Work request. Among the entries below, one stretch runs from the line that contains "浙江积极应对台风过境影响 9" through the line that contains "中国对外贸易中心主任储士家介". Repeat that stretch exactly, ends included, and only that.

Records supplied.
------------------------------------------------------------------------

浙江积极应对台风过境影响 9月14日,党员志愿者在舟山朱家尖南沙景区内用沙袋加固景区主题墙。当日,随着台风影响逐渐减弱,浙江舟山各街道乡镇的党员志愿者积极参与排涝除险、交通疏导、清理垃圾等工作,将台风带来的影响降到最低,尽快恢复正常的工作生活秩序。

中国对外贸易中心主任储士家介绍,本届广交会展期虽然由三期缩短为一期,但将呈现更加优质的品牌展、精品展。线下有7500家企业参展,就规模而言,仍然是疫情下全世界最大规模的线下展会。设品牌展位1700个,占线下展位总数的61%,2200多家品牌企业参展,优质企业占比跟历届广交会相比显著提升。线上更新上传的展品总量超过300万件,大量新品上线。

------------------------------------------------------------------------

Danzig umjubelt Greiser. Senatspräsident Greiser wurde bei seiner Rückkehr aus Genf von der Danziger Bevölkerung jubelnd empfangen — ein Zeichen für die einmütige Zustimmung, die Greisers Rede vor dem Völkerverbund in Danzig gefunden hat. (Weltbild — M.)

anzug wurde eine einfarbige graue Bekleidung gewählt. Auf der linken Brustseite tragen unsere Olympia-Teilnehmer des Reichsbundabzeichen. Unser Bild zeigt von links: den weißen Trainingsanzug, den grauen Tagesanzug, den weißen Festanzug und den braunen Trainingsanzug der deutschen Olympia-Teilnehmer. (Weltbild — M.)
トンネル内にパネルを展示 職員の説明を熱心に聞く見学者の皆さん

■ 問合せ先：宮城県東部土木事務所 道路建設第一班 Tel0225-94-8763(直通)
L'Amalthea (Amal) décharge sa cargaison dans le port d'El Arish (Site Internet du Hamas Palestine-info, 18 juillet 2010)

------------------------------------------------------------------------

Problem solution.
浙江积极应对台风过境影响 9月14日,党员志愿者在舟山朱家尖南沙景区内用沙袋加固景区主题墙。当日,随着台风影响逐渐减弱,浙江舟山各街道乡镇的党员志愿者积极参与排涝除险、交通疏导、清理垃圾等工作,将台风带来的影响降到最低,尽快恢复正常的工作生活秩序。

中国对外贸易中心主任储士家介绍,本届广交会展期虽然由三期缩短为一期,但将呈现更加优质的品牌展、精品展。线下有7500家企业参展,就规模而言,仍然是疫情下全世界最大规模的线下展会。设品牌展位1700个,占线下展位总数的61%,2200多家品牌企业参展,优质企业占比跟历届广交会相比显著提升。线上更新上传的展品总量超过300万件,大量新品上线。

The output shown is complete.